As many of you have also heard the sagging economy and the growing demand to meet shareholder expectations have forced many holding companies, and by proxy, their ad agencies, to cut unnecessary expenses and contract their staffing.
In light of these painful measures and in the desire to keep everyone here at Rich Siegel Worldwide gainfully employed, we have decided to suspend this year's trip to southern France.
Before the groaning starts let's stop and consider the consequences.
Sure, it would be nice to soak up the sunshine at Les Rochers while nibbling on stinky cheese and sipping on a $500 bottle of Louis Roederer, but it would leave an awful aftertaste knowing that it came at the expense of someone's mortgage and/or tuition payment.
Sure, it would be fun to turn up the collars on our polo shirts, don a fedora and hang out at the Gutter Bar drinking 100-year old single malt whisky while puffing on a Don Arturo Edicion Aniversario, but it would also be a little tone deaf knowing the account coordinator, who worked so tirelessly this past year, is now slinging and singing at the local Cold Stone Creamery.
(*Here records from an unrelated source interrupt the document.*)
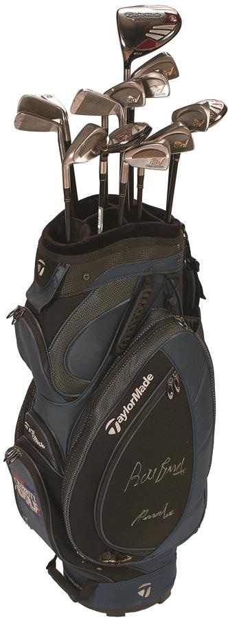 Hall of Famer Bill Russell cut an imposing figure on the court at 6'9", and was practically gigantic on the links, where he enjoyed many hours of recreational time. This standard set of 14 golf clubs housed in a canvas Taylor Made bag came directly from one of the greatest to ever play the game of basketball. The bag is signed "Bill Russell, Personal Use" in 7/10 silver Sharpie. Comes with hand-signed LOA from Bill Russell, himself.
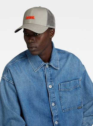 This RAW Embro Baseball trucker cap is designed with two different fabrics. A structured woven fabric is combined with an open mesh that creates air flow. The front features a raised graphic embroidery. The back strap will allow you to personalize the fit to your preferences.
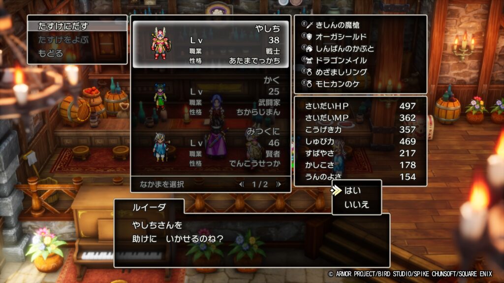 これは自分の仲間を酒場に登録して別の冒険の書へ貸し出すことができる機能のこと。ストーリークリアして育ち切ってる仲間を、レベル1のアリアハンから使うこともできるんです。まさにおたすけになる機能ですね。2週目以降の救済措置的な感じで、別の性別などもやってみたいという人は大きな時短になるでしょう。
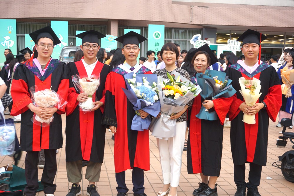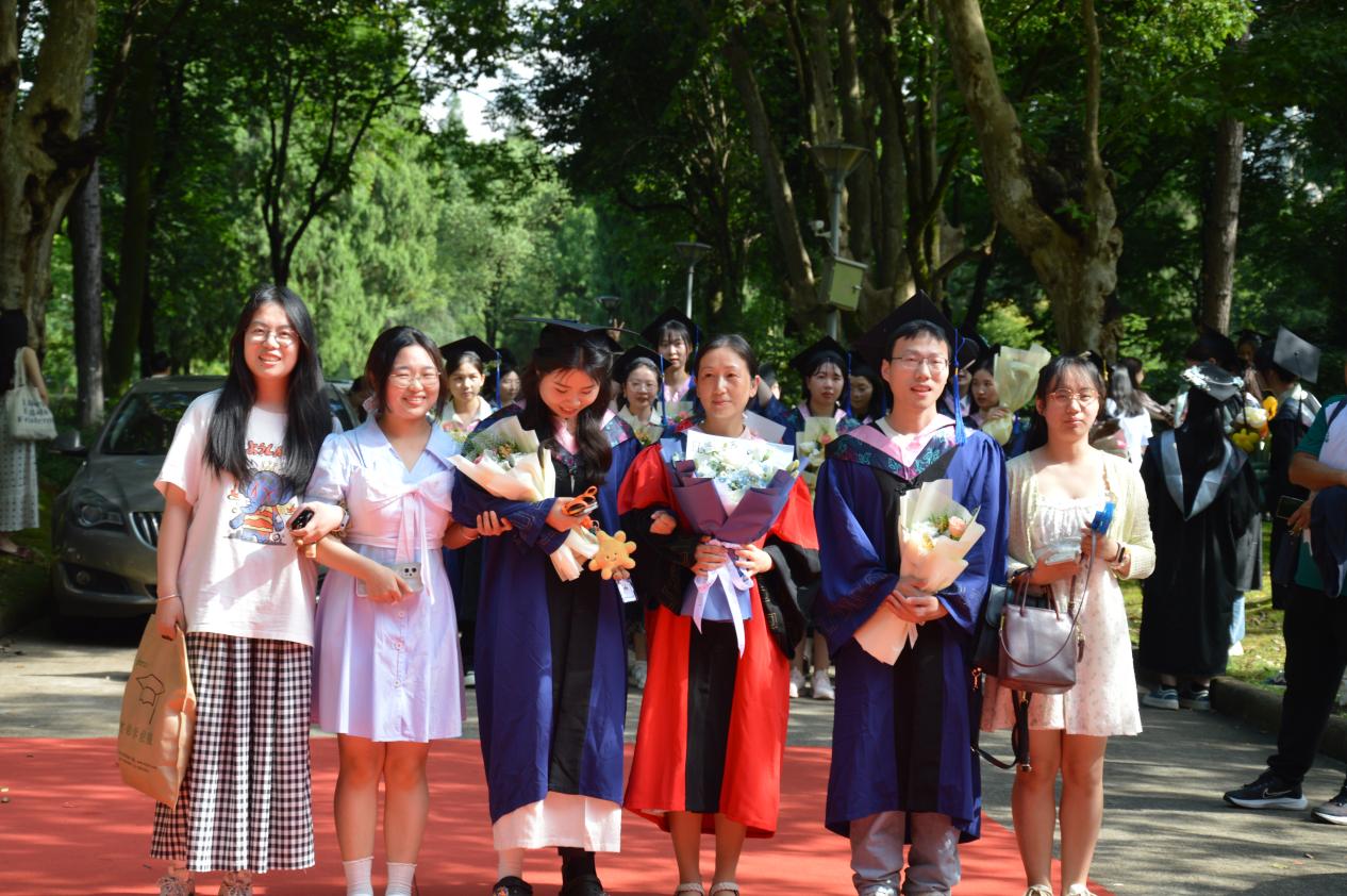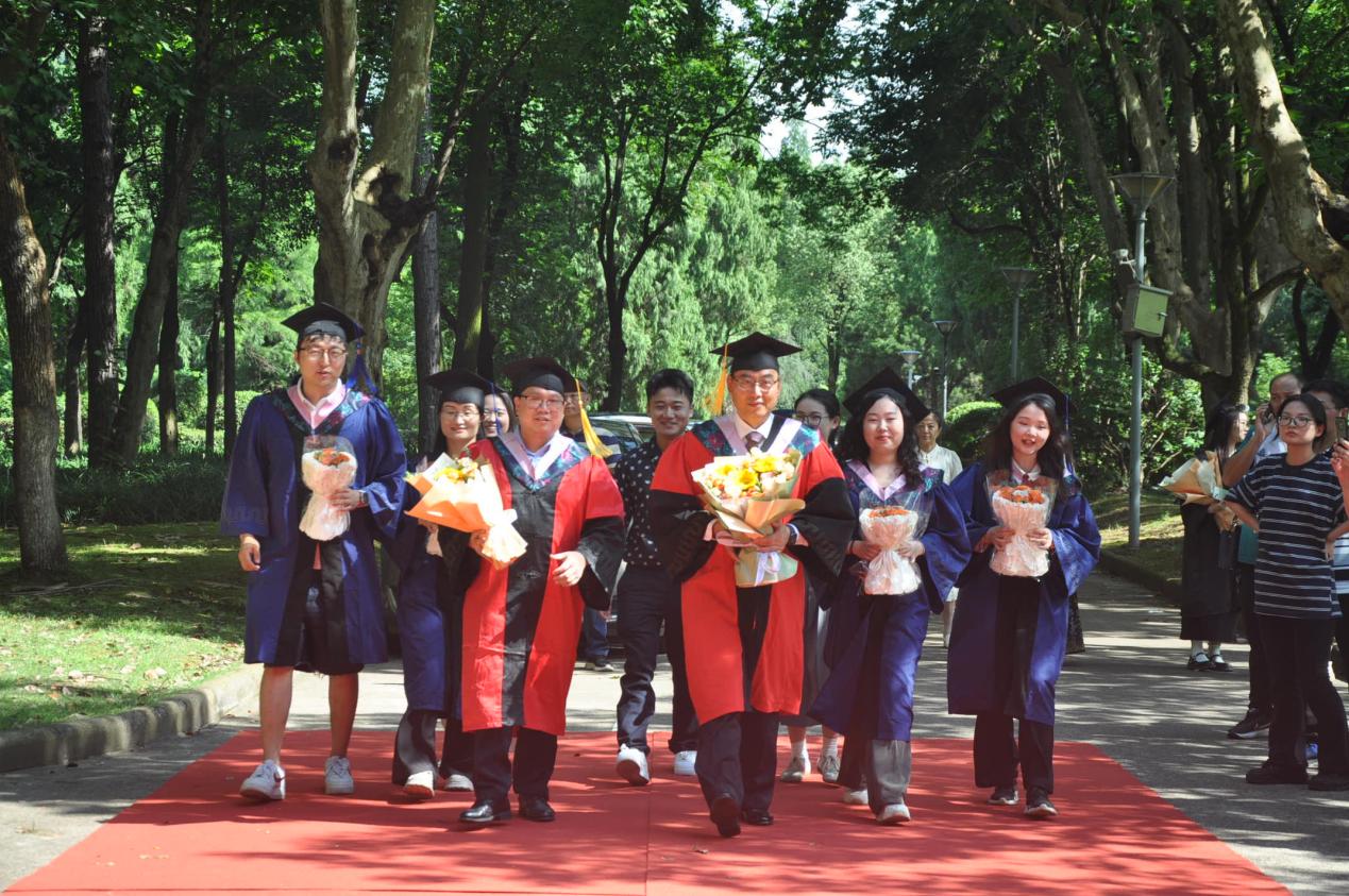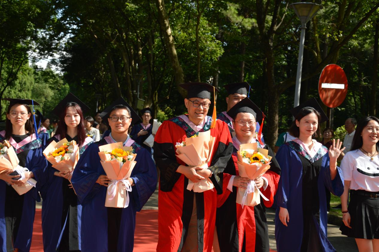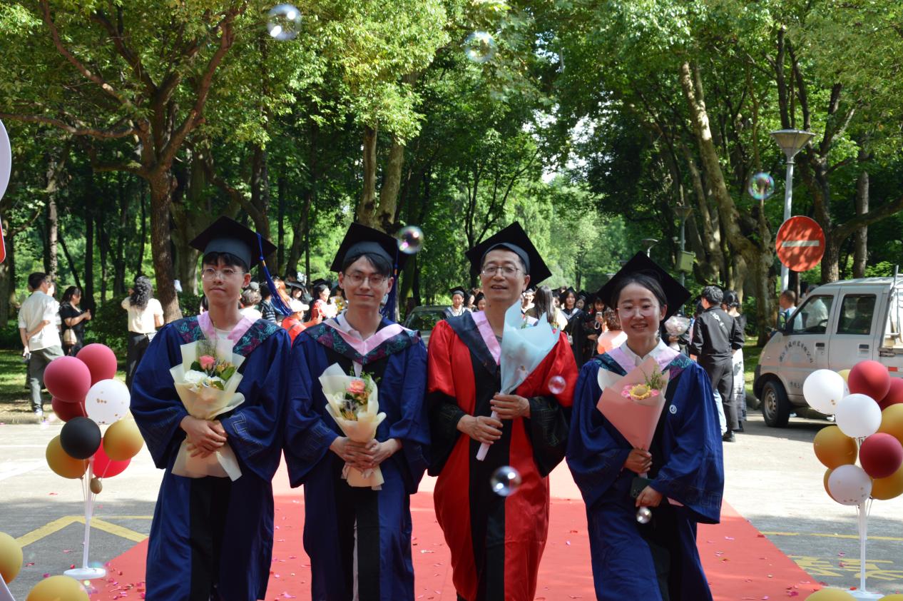 阳光下飞舞着泡沫与彩带,红毯上绽放着五彩的青春、印刻着奋进的足迹。典礼开始前,2024届毕业生在导师、班主任的带领下走上红毯,迎接鲜花与礼炮,携手走向未来。

And yes, it would be great to pal around with a bunch of hard-drinking, hard-body Brazilians who've made a career out of flashy ads for condoms, bubble gum and novelty socks, but have never faced the daunting challenge of a bank ad or a dealer sales event.
However, the pain of pink slipping so many good decent people makes all that impossible.
However, the pain of pink slipping so many good decent people makes all that impossible.
We here at Rich Siegel Worldwide want to go to Cannes in the worst possible way.
But out of respect and prudence, we also recognize that going to Cannes would be the worst possible decision.